A number of smaller, directed attacks were performed in addition to those in Figure 5. The small tests were done using the extended 802.11 infrastructure found at UCSD with varied victims. Recent versions of Windows, Linux, and the MacOS all gave up on the targeted access point and kept trying to find others. Slightly older versions of the same systems never attempted to switch access points and were completely disconnected using the less sophisticated version of the attack. The attack even caused one device, an HP Jornada Pocket PC, to consistently crash.

The deauthentication vulnerability can be solved directly by explicitly authenticating management frames and dropping invalid requests. However, the standardization of such capabilities is still some ways off and it is clear that legacy MAC designs do not have sufficient CPU capacity to implement this functionality as a software upgrade. Therefore, system-level defenses with low-overhead can still offer significant value. In particular, by delaying the effects of deauthentication or disassociation requests (e.g., by queuing such requests for 5-10 seconds) an AP has the opportunity to observe subsequent packets from the client. If a data packet arrives after a deauthentication or disassociation request is queued, that request is discarded - since a legitimate client would never generate packets in that order. The same approach can be used in reverse to mitigate forged deauthentication packets sent to the client on behalf of the AP. This approach has the advantage that it can be implemented with a simple firmware modification to existing NICs and access points, without requiring a new management structure.

To test this defense we modified the access point used in our experiments as described above, using a timeout value of 10 seconds for each management request. We then executed the previous experiment again using the ``hardened'' access point. The equivalent results can be seen in Figure 6. From this graph it is difficult to tell that the attack is active, and the client nodes continue their activity oblivious to the misdirection being sent to the access point.

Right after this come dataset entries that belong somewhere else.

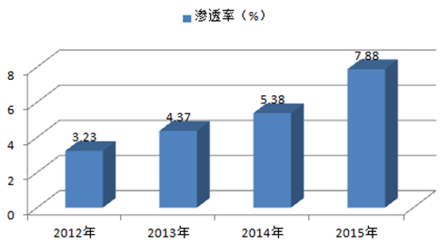 2012-2015年中國車聯網滲透率走勢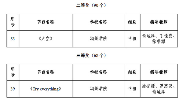 本届省大学生艺术节活动以“民族魂·中国梦”为主题,涵盖器乐、声乐及十佳歌手三个类别,共评出合唱、合奏和校园十佳歌手获奖节目450个。由俞迪岸、丁佳雯、徐誉源老师指导的声乐作品《天空》荣获二等奖,徐誉源、罗慈花、俞迪岸老师指导的《Try everything》荣获三等奖。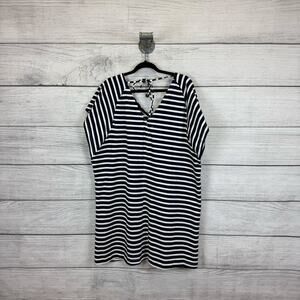 Free Assembly Plus Size Blue White Striped Short Sleeve Mini Dress Size XXXL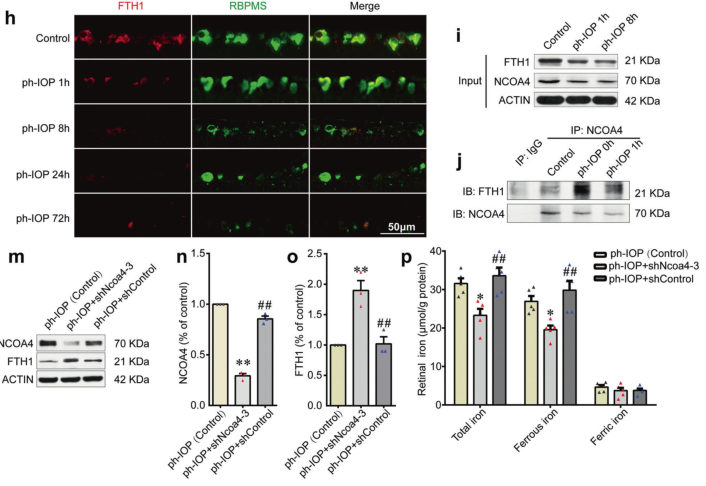 鐵蛋白(Ferritin)是一種廣泛存在的儲(chǔ)鐵蛋白,在 ph-IOP 損傷后1小時(shí),F(xiàn)TH1(Ferritin亞基)的水平急劇下降(圖2h),這與 ph-IOP 損傷后早期的鐵積累一致;鐵自噬(ferritinophagy)是一種調(diào)節(jié)細(xì)胞內(nèi)鐵代謝的選擇性自噬,檢測(cè)視網(wǎng)膜內(nèi)源性NCOA4(鐵自噬關(guān)鍵調(diào)節(jié)蛋白)蛋白水平發(fā)現(xiàn),pH-IOP 損傷后NCOA4與 FTH1之間的內(nèi)源性相互作用增強(qiáng)(圖2i, j);敲降Ncoa4后增加了視網(wǎng)膜 FTH1水平(圖2m-o),并伴隨著 ph-IOP 損傷后視網(wǎng)膜中二價(jià)鐵離子水平的降低(圖2p)。
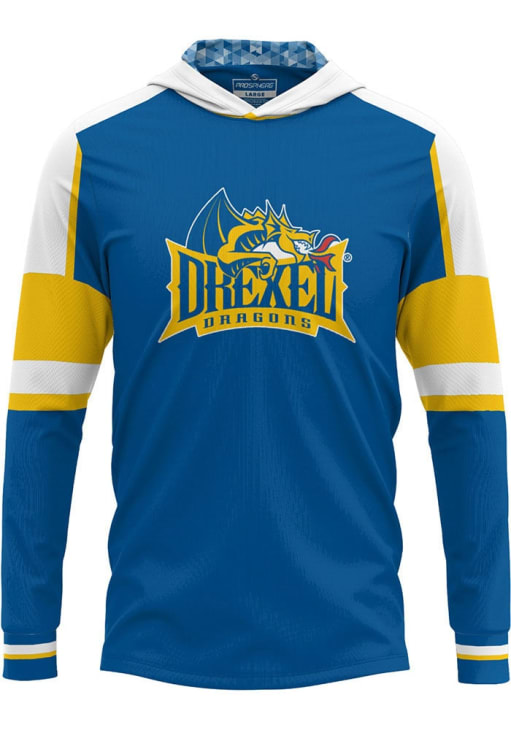 Embrace your Dragons pride and showcase your team spirit with confidence in this Drexel Dragons Long Sleeve Hoodie! Stay warm and stylish with the Drexel Mens Navy Blue Throwback Hooded Sweatshirt. Designed with fully sublimated design, this Dragons Long Sleeve Hoodie is a must-have for dedicated fans.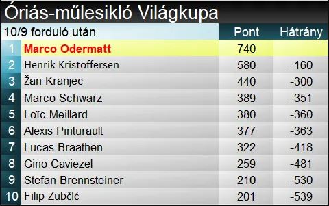 Marco Odermatt megszerezte 22. sikerét, aminek pontosan fele származik az idei szezonból. Ami az óriást illet, idén hatodszor győzött, és a schladmingi kihagyott versenyt leszámítva minden állomáson dobogón végzett – így nemcsoda, hogy már 1 versennyel a vége előtt elhódította a szakági elsőséget. Henrik Kristoffersen negyedszer végzett idén a második helyen óriásban, de nyerni még továbbra sem sikerült. Összeségében 30. alkalommal végzett a szakágban dobogón. Alexis Pinturault a szakágban 41., összességében 76. dobogóját ünnepelte.
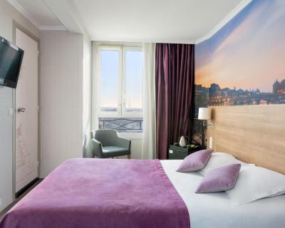 Les chambres à la décoration moderne de l’Hotel Rives de Paris-La Défense comprennent une télévision par satellite et une salle de bains privative.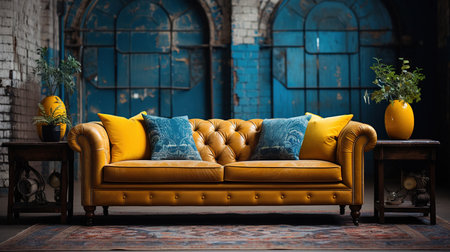 Yellow Suede Couch Placed Infront of Old Peeled Brick Blue Wall Background Image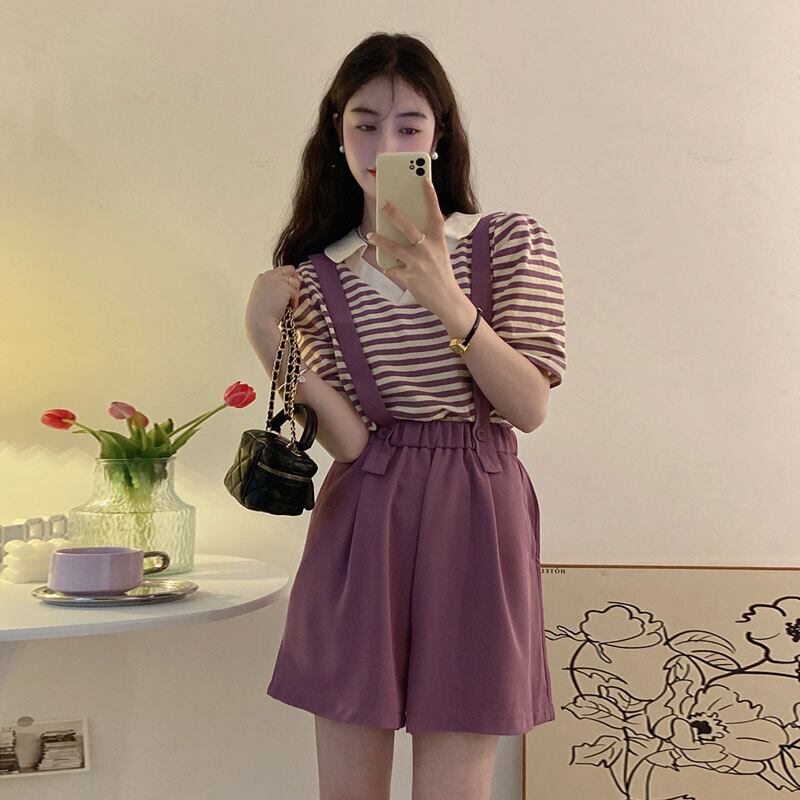 Striped short-sleeved T-shirt women's design sense niche summer 2022 new chic Hong Kong flavor loose casual top ins tide カジュアル サマー 夏物 ストライプ Tシャツ s576180503273627

However, our proposed solution is not without drawbacks. In particular, it opens up a new vulnerability at the moment in which mobile clients roam between access points. The association message is used to determine which AP should receive packets destined for the mobile client. In certain circumstances leaving the old association established for an additional period of time may prevent the routing updates necessary to deliver packets through the new access point. Or, in the case of an adversary, the association could be kept open indefinitely by spoofing packets from the mobile client to the spoofed AP - keeping the association current. While both these situations are possible, we will argue that they are unlikely to represent a new threat in practice.

Figure 6: Packets sent by each of the 4 client nodes during the deauthentication attack with an access point modified to defend against this attack. The first attack, against the MacOS client, started at second 10 and lasted 12 seconds. The second attack against all the clients started at 30 and lasted through the end of the trace. The attacking node consumes a negligible amount of bandwidth due to the rate limiting.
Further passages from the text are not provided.